- ASSIGNED TASK
I'd ask you to write out the lines below exactly, with no images.

- SUPPLIED INFORMATION
----
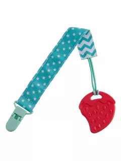 Прорезыватель для зубов на держателе ROXY-KIDS в форме клубнички подойдет маленьким непоседам. Если ваш малыш все время роняет грызунок, то держатель поможет избегать эту проблему. Прорезыватель-клубничка надежно крепится к одежде ребенка при помощи яркого держателя, а сама мягкая клубничка имеет рельефную поверхность, которая хорошо массирует десны малыша. Кроме того, грызунок можно охладить для дополнительного эффекта. Материалы держателя и клубнички безопасны и соответствуют стандартам безопасности. Лента выполнена из прочного полиэстера и прослужит вам очень долго. Держатель легко отсоединить от прорезывателя и использовать его также с ниблером, соской или пустышкой. Материалы: термоэластопласт, полиэстер, АБС-пластик
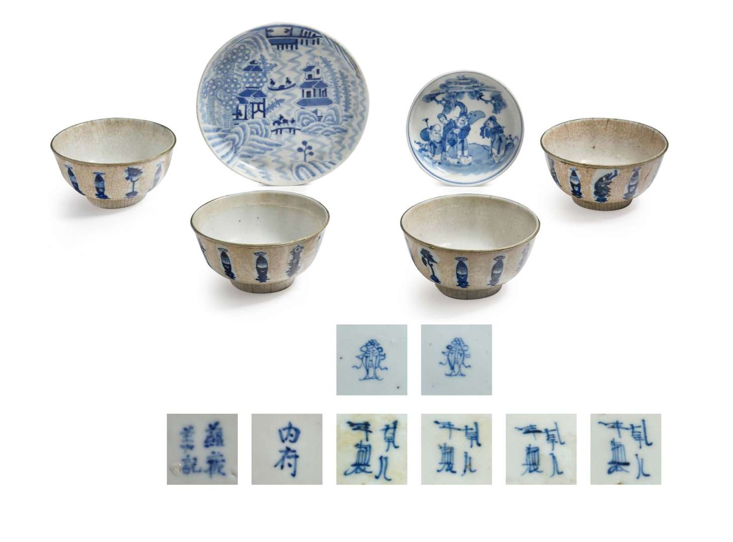 Ensemble comprenant deux coupes en porcelaine bleu-blanc dont l'une, figurant les trois divinités du Tao et un disciple devant un pin, marquée « Noi Phu », l'autre, figurant un village lacustre, marquée « Uan Tang My Ky » (Recording the Treasure of Beauty).
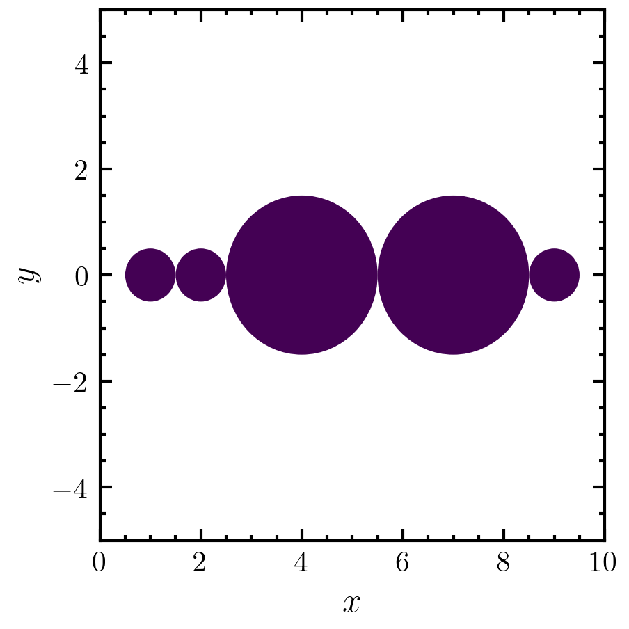 >>> import amep >>> import numpy as np >>> coords = np.array( ... [[2,0,0], [1,0,0], [4,0,0], [7,0,0], [9,0,0]], ... dtype=float ... ) >>> ids = np.array([0,1,2,3,4]) >>> sizes = np.array([1,1,3,3,1], dtype=float) >>> box_boundary = np.array([[0,10],[-5,5],[0,1.0]]) >>> pairs = amep.pbc.find_pairs( ... coords, box_boundary, rmax=2, sizes=sizes ... ) >>> print(pairs) [[0 1] [1 4] [0 2] [1 2] [1 3] [4 3] [2 3]] >>> fig, axs = amep.plot.new(figsize=(3,3)) >>> amep.plot.particles(axs, coords, box_boundary, sizes/2.) >>> axs.set_xlabel(r"$x$") >>> axs.set_ylabel(r"$y$") >>> fig.savefig("./figures/pbc/pbc-find_pairs.png") >>>
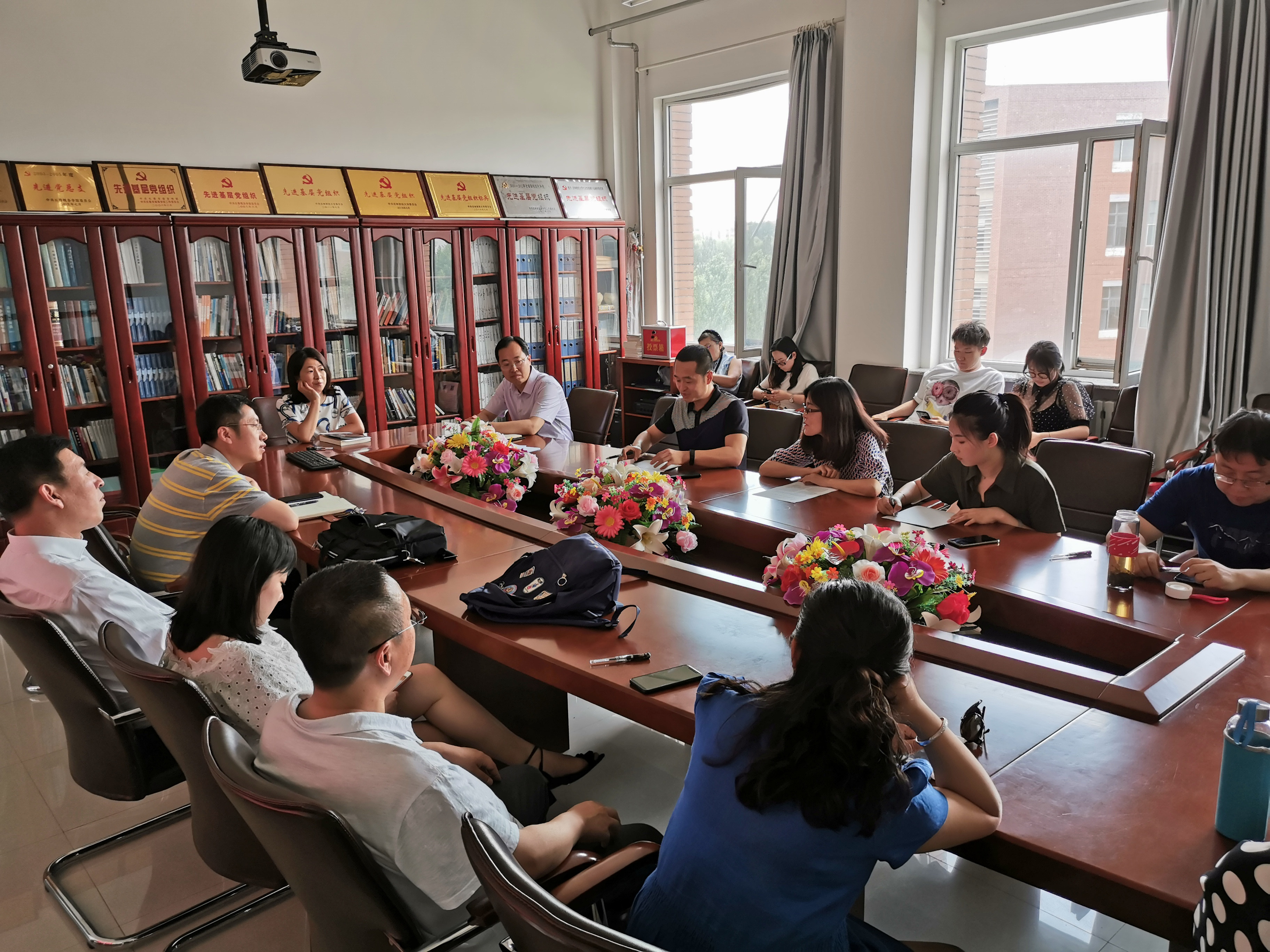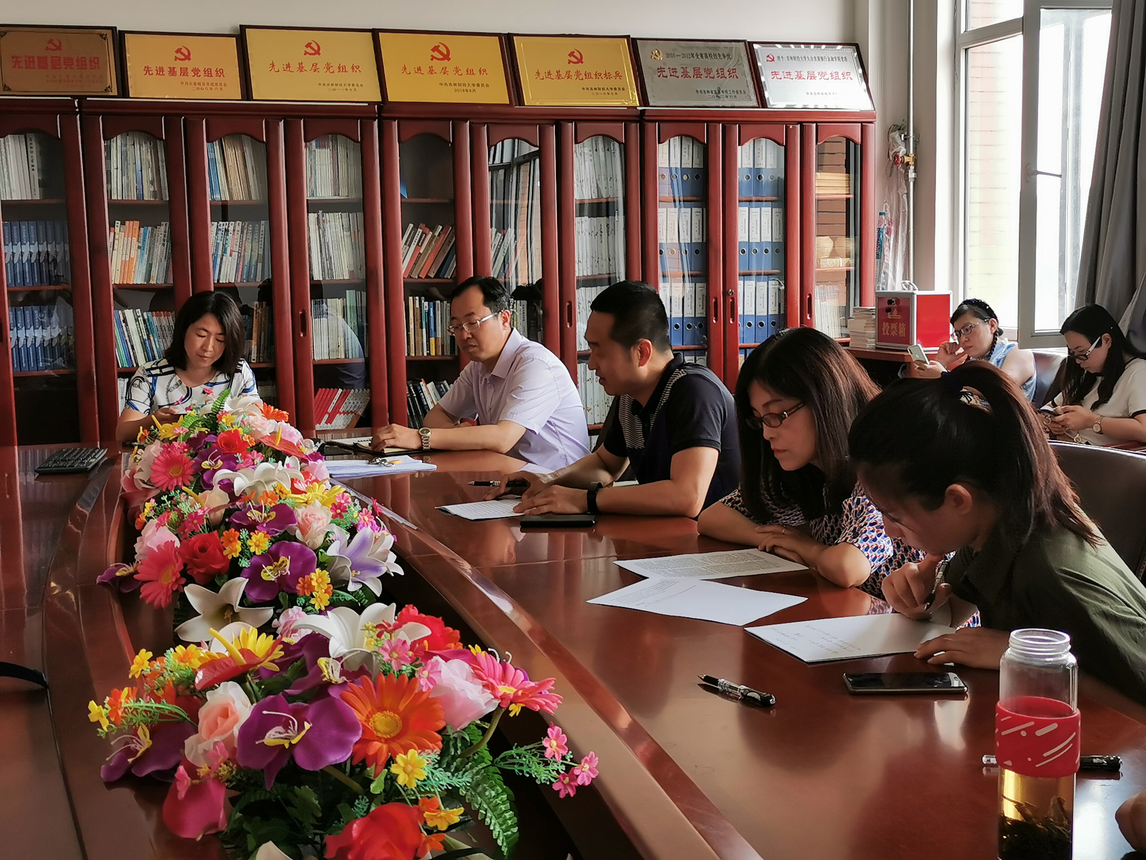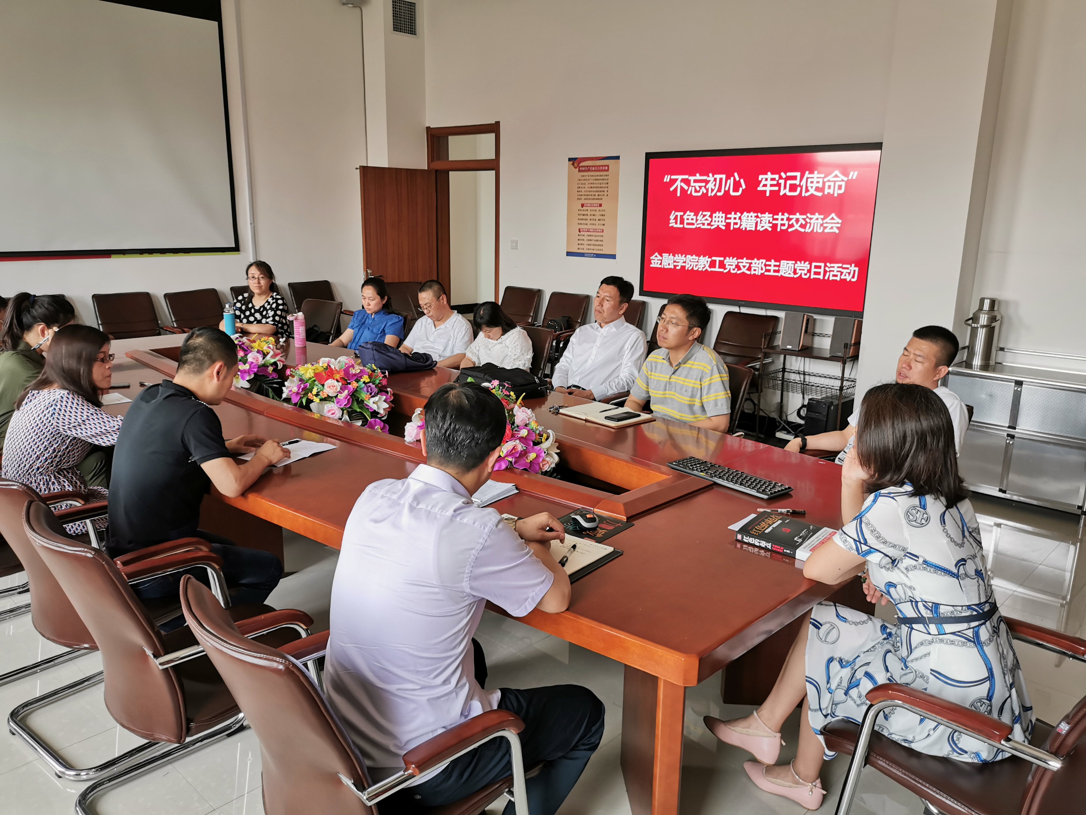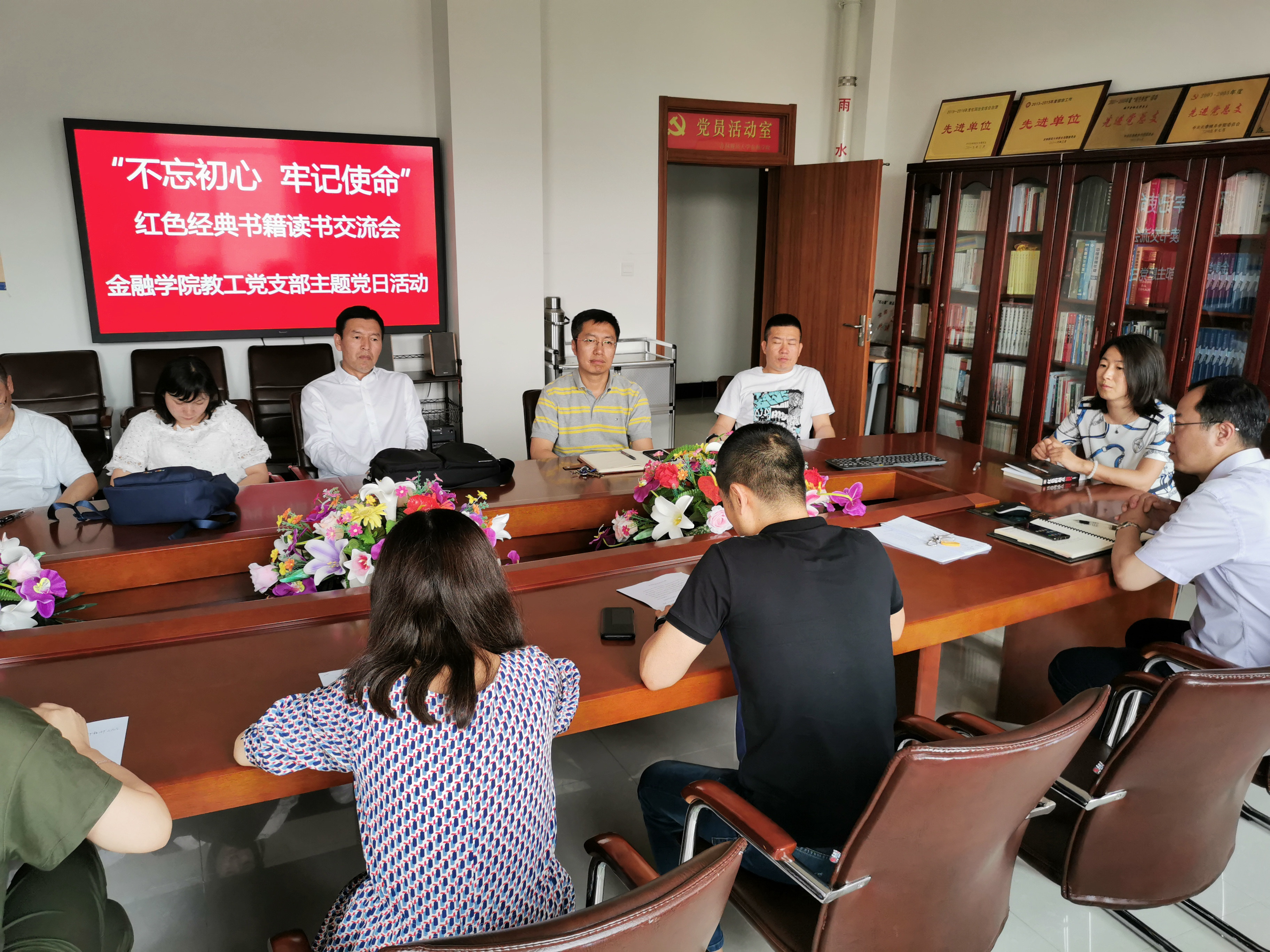 本网讯 为深入学习贯彻党的十九大精神和习近平总书记“爱读书、读好书、善读书”的要求,进一步推进“两学一做”学习教育常态化制度化,引导党员教师大兴读书之风,2019年6月27日,做爱自拍 教工党支部在做爱自拍 会议室组织开展了“不忘初心 牢记使命——红色经典书籍读书交流会”主题党日活动。
----
- TASK OUTPUT
 Прорезыватель для зубов на держателе ROXY-KIDS в форме клубнички подойдет маленьким непоседам. Если ваш малыш все время роняет грызунок, то держатель поможет избегать эту проблему. Прорезыватель-клубничка надежно крепится к одежде ребенка при помощи яркого держателя, а сама мягкая клубничка имеет рельефную поверхность, которая хорошо массирует десны малыша. Кроме того, грызунок можно охладить для дополнительного эффекта. Материалы держателя и клубнички безопасны и соответствуют стандартам безопасности. Лента выполнена из прочного полиэстера и прослужит вам очень долго. Держатель легко отсоединить от прорезывателя и использовать его также с ниблером, соской или пустышкой. Материалы: термоэластопласт, полиэстер, АБС-пластик
 Ensemble comprenant deux coupes en porcelaine bleu-blanc dont l'une, figurant les trois divinités du Tao et un disciple devant un pin, marquée « Noi Phu », l'autre, figurant un village lacustre, marquée « Uan Tang My Ky » (Recording the Treasure of Beauty).
 >>> import amep >>> import numpy as np >>> coords = np.array( ... [[2,0,0], [1,0,0], [4,0,0], [7,0,0], [9,0,0]], ... dtype=float ... ) >>> ids = np.array([0,1,2,3,4]) >>> sizes = np.array([1,1,3,3,1], dtype=float) >>> box_boundary = np.array([[0,10],[-5,5],[0,1.0]]) >>> pairs = amep.pbc.find_pairs( ... coords, box_boundary, rmax=2, sizes=sizes ... ) >>> print(pairs) [[0 1] [1 4] [0 2] [1 2] [1 3] [4 3] [2 3]] >>> fig, axs = amep.plot.new(figsize=(3,3)) >>> amep.plot.particles(axs, coords, box_boundary, sizes/2.) >>> axs.set_xlabel(r"$x$") >>> axs.set_ylabel(r"$y$") >>> fig.savefig("./figures/pbc/pbc-find_pairs.png") >>>
 本网讯 为深入学习贯彻党的十九大精神和习近平总书记“爱读书、读好书、善读书”的要求,进一步推进“两学一做”学习教育常态化制度化,引导党员教师大兴读书之风,2019年6月27日,做爱自拍 教工党支部在做爱自拍 会议室组织开展了“不忘初心 牢记使命——红色经典书籍读书交流会”主题党日活动。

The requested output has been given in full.